SUPPLIED ENTRIES START

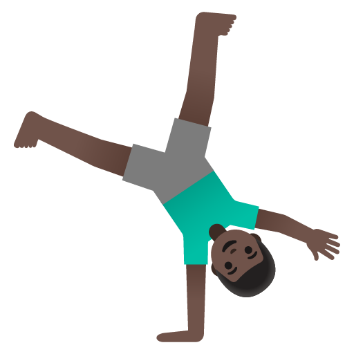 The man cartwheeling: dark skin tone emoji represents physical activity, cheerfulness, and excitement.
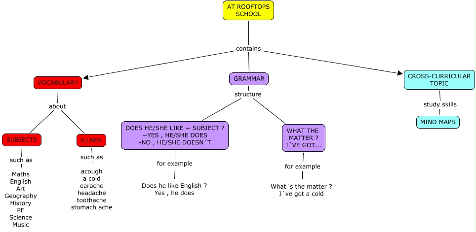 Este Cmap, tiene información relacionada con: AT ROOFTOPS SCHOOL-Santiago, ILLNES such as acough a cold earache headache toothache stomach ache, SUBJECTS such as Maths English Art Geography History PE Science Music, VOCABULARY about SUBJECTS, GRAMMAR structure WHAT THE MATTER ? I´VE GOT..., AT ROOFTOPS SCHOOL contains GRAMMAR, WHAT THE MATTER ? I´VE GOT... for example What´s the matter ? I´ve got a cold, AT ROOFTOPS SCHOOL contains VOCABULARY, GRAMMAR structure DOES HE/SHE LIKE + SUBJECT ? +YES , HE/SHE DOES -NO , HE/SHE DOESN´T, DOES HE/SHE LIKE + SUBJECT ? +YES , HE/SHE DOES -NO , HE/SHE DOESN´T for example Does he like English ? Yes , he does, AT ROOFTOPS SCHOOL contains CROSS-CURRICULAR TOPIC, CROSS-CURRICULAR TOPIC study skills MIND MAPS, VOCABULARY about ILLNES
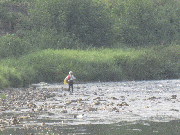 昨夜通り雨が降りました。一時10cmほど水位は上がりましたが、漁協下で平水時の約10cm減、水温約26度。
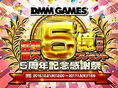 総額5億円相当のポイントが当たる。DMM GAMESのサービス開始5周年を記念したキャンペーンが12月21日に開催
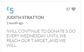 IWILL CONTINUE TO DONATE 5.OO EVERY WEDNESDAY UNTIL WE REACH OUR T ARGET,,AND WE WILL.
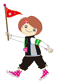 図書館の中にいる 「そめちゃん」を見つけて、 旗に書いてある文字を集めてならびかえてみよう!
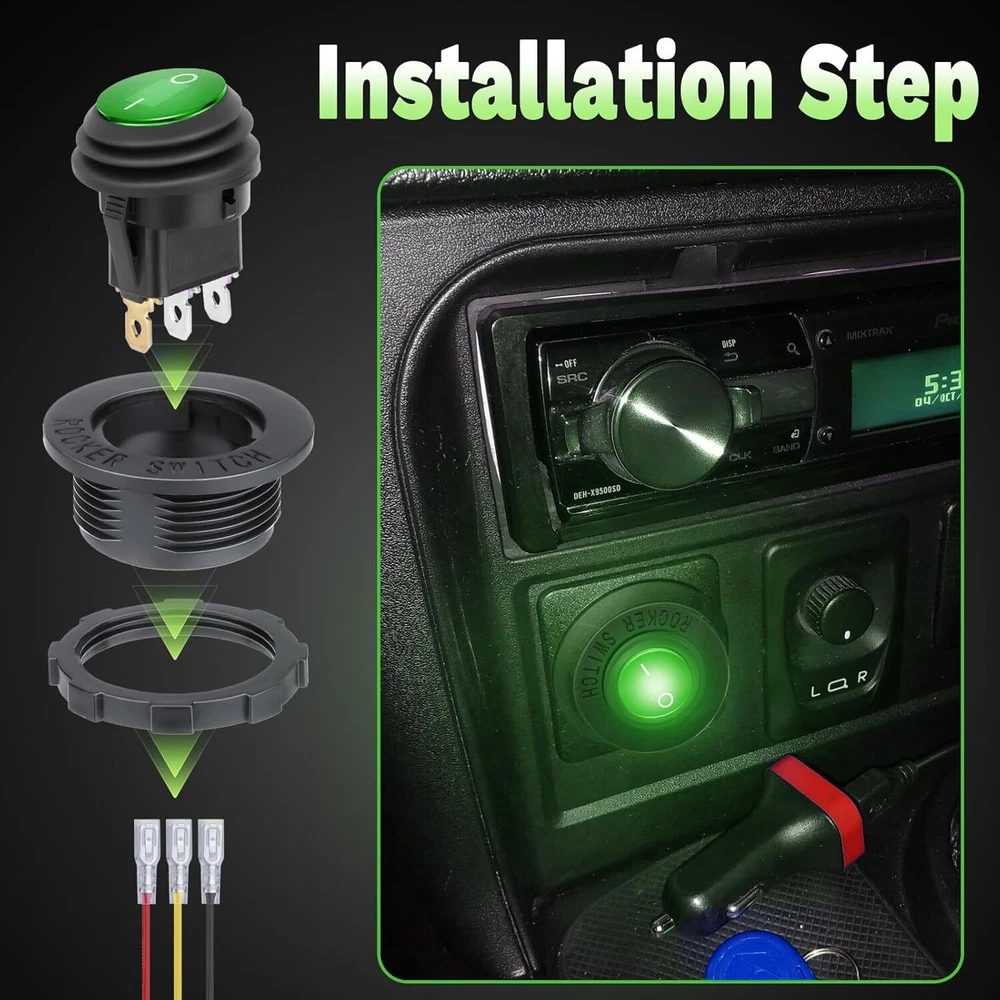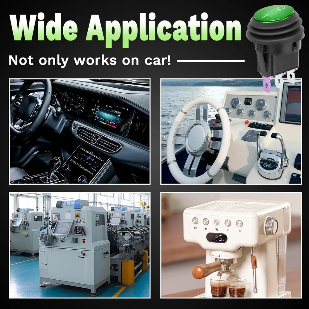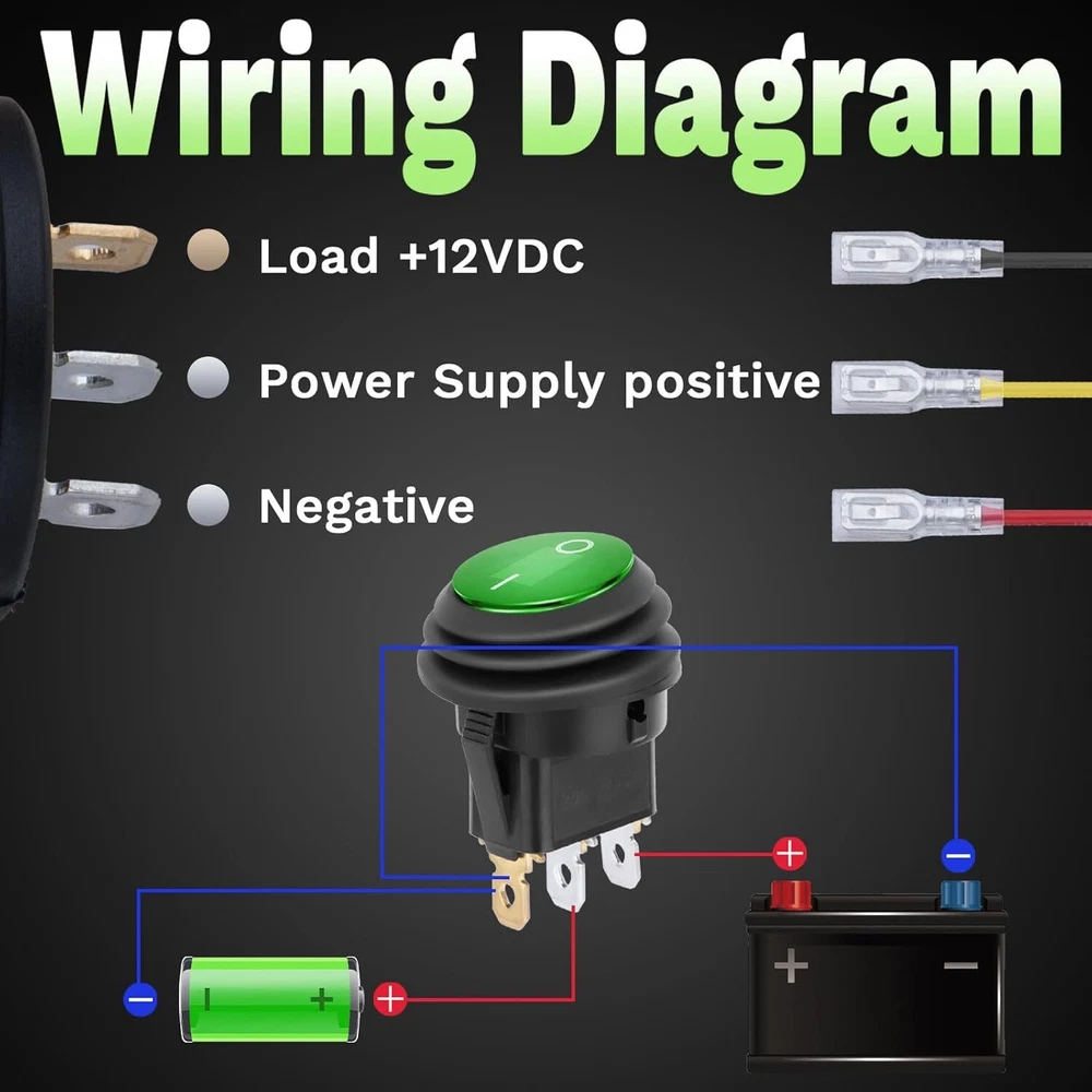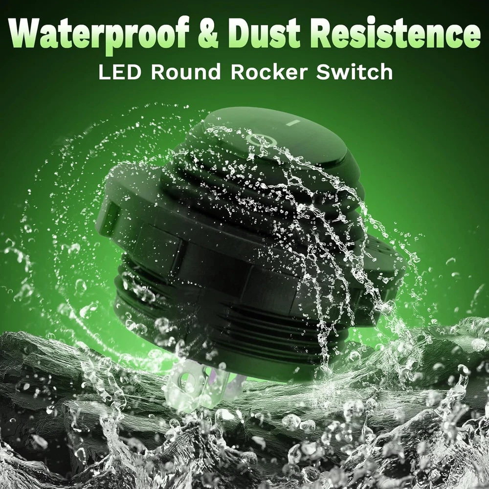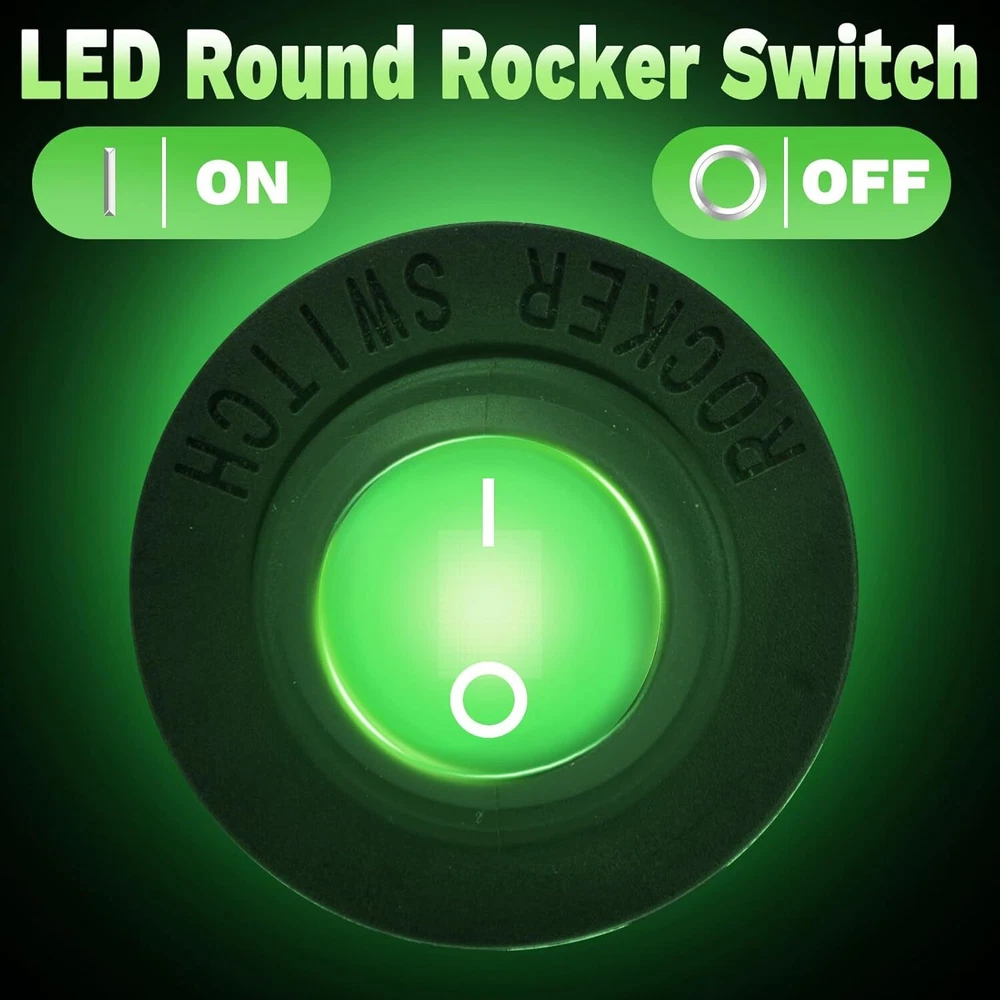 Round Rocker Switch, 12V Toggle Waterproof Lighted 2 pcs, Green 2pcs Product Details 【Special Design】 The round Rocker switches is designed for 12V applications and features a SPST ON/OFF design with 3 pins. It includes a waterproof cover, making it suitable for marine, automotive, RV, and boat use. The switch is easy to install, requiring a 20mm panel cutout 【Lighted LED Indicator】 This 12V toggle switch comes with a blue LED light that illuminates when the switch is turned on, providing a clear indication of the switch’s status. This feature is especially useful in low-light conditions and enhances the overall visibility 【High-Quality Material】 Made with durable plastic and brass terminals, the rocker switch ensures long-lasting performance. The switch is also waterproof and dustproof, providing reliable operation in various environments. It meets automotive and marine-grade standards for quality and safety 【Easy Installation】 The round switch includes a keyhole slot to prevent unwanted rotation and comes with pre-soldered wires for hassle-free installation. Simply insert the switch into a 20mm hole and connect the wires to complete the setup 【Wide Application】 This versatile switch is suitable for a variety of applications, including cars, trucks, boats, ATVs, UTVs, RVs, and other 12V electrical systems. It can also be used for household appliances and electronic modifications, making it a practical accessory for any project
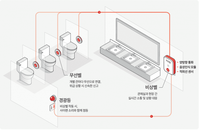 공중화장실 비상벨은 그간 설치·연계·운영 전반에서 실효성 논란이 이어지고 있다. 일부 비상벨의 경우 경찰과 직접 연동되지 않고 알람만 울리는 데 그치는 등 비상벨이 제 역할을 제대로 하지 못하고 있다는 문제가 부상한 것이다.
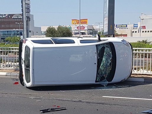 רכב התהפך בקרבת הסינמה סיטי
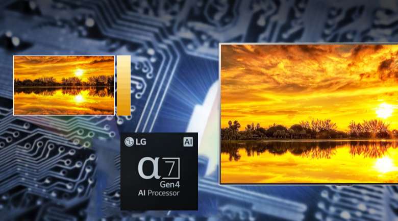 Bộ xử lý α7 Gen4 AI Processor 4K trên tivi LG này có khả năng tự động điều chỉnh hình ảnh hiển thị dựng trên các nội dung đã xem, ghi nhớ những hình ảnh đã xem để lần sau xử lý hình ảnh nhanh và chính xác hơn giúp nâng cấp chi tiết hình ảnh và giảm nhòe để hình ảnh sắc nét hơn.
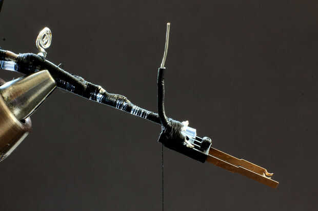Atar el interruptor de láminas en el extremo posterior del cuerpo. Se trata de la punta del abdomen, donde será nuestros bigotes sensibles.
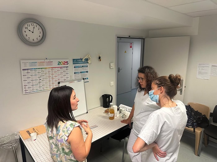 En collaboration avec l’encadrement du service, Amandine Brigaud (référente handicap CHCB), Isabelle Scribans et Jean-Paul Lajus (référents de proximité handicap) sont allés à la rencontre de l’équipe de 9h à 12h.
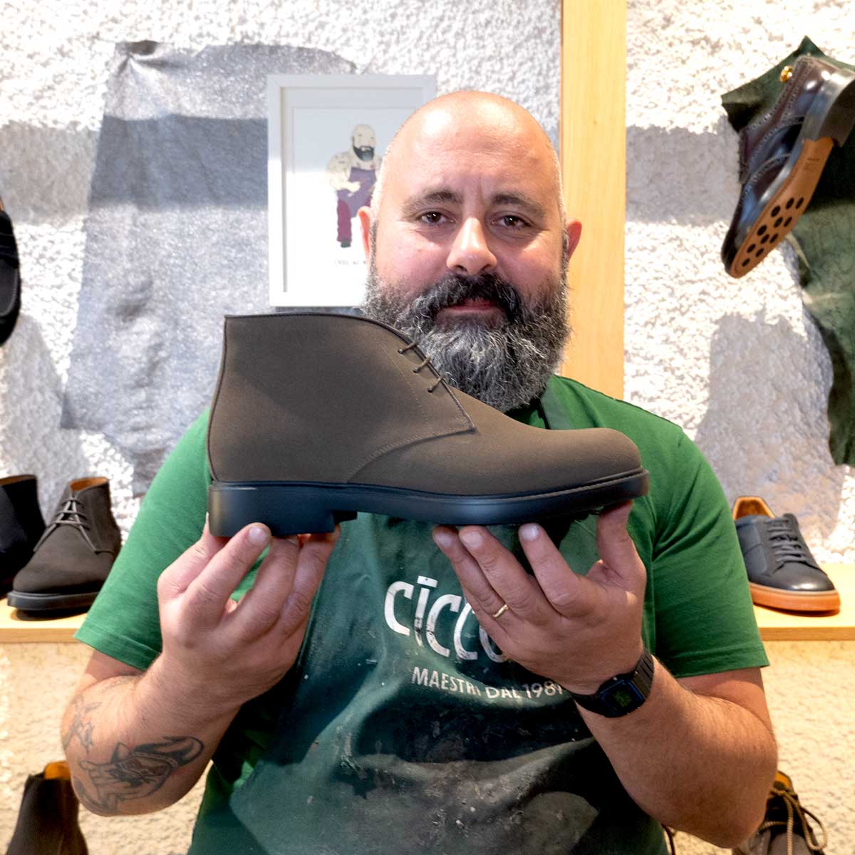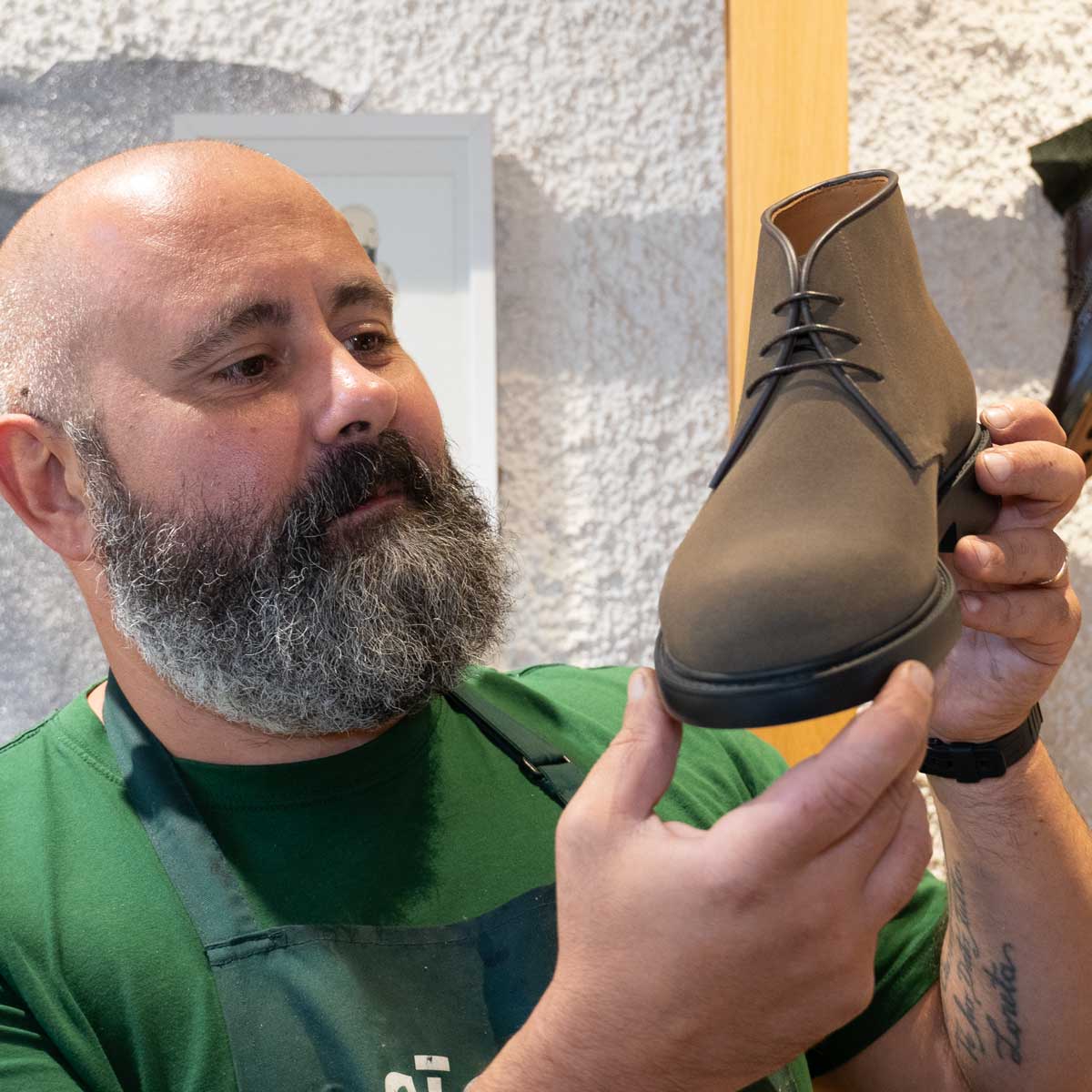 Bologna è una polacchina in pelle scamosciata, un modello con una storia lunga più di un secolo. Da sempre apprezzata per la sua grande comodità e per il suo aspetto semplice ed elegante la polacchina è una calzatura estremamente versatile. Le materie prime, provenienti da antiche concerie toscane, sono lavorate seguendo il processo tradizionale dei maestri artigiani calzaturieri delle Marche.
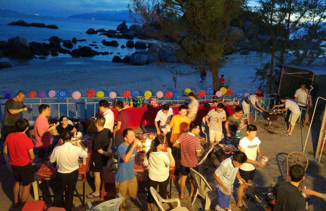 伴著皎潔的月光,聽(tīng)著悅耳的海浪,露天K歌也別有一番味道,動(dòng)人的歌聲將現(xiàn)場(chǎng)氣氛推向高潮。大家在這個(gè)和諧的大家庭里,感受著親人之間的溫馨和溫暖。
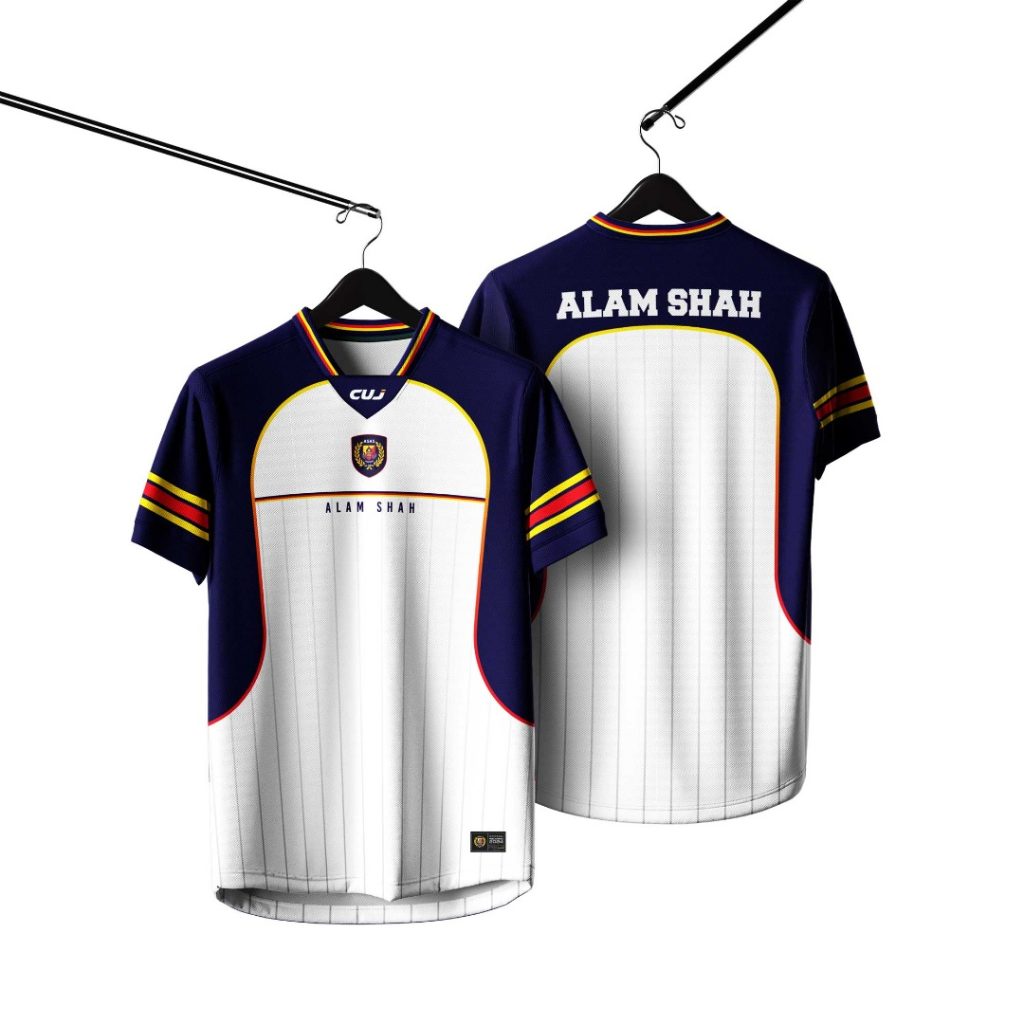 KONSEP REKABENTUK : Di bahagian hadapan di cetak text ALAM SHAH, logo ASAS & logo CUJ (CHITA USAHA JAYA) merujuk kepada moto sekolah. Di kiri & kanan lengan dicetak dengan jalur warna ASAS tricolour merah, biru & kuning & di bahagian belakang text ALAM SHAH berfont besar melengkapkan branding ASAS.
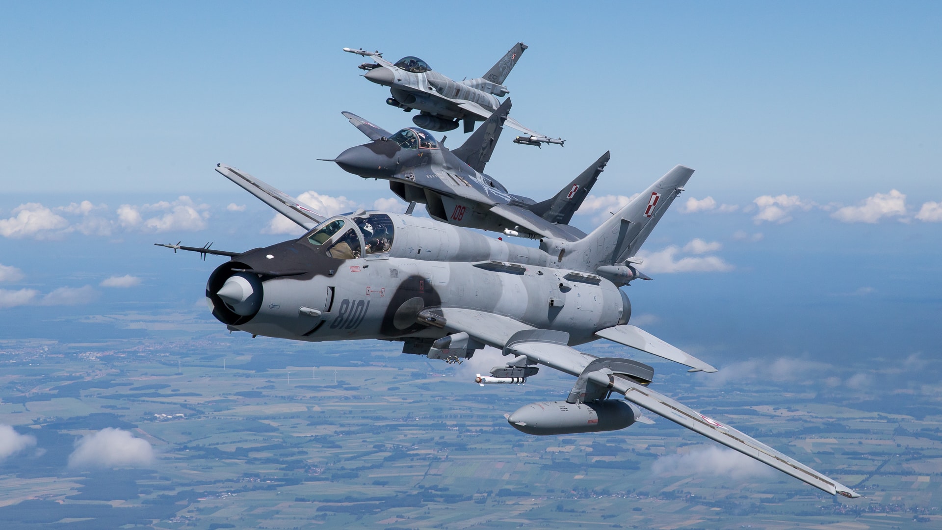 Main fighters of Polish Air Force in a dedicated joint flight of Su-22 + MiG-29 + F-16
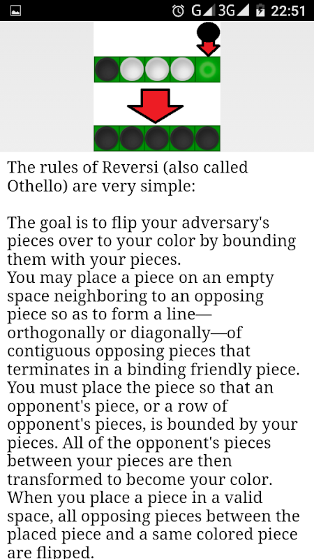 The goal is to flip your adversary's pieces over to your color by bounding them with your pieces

SUPPLIED ENTRIES END

WHAT IS BEING ASKED: Write the lines out word for word, starting at the one with "Bologna è una" and stopping after the last line of the material above, with pictures excluded.

RESPONSE AREA:
 Bologna è una polacchina in pelle scamosciata, un modello con una storia lunga più di un secolo. Da sempre apprezzata per la sua grande comodità e per il suo aspetto semplice ed elegante la polacchina è una calzatura estremamente versatile. Le materie prime, provenienti da antiche concerie toscane, sono lavorate seguendo il processo tradizionale dei maestri artigiani calzaturieri delle Marche.
 伴著皎潔的月光,聽(tīng)著悅耳的海浪,露天K歌也別有一番味道,動(dòng)人的歌聲將現(xiàn)場(chǎng)氣氛推向高潮。大家在這個(gè)和諧的大家庭里,感受著親人之間的溫馨和溫暖。
 KONSEP REKABENTUK : Di bahagian hadapan di cetak text ALAM SHAH, logo ASAS & logo CUJ (CHITA USAHA JAYA) merujuk kepada moto sekolah. Di kiri & kanan lengan dicetak dengan jalur warna ASAS tricolour merah, biru & kuning & di bahagian belakang text ALAM SHAH berfont besar melengkapkan branding ASAS.
 Main fighters of Polish Air Force in a dedicated joint flight of Su-22 + MiG-29 + F-16
 The goal is to flip your adversary's pieces over to your color by bounding them with your pieces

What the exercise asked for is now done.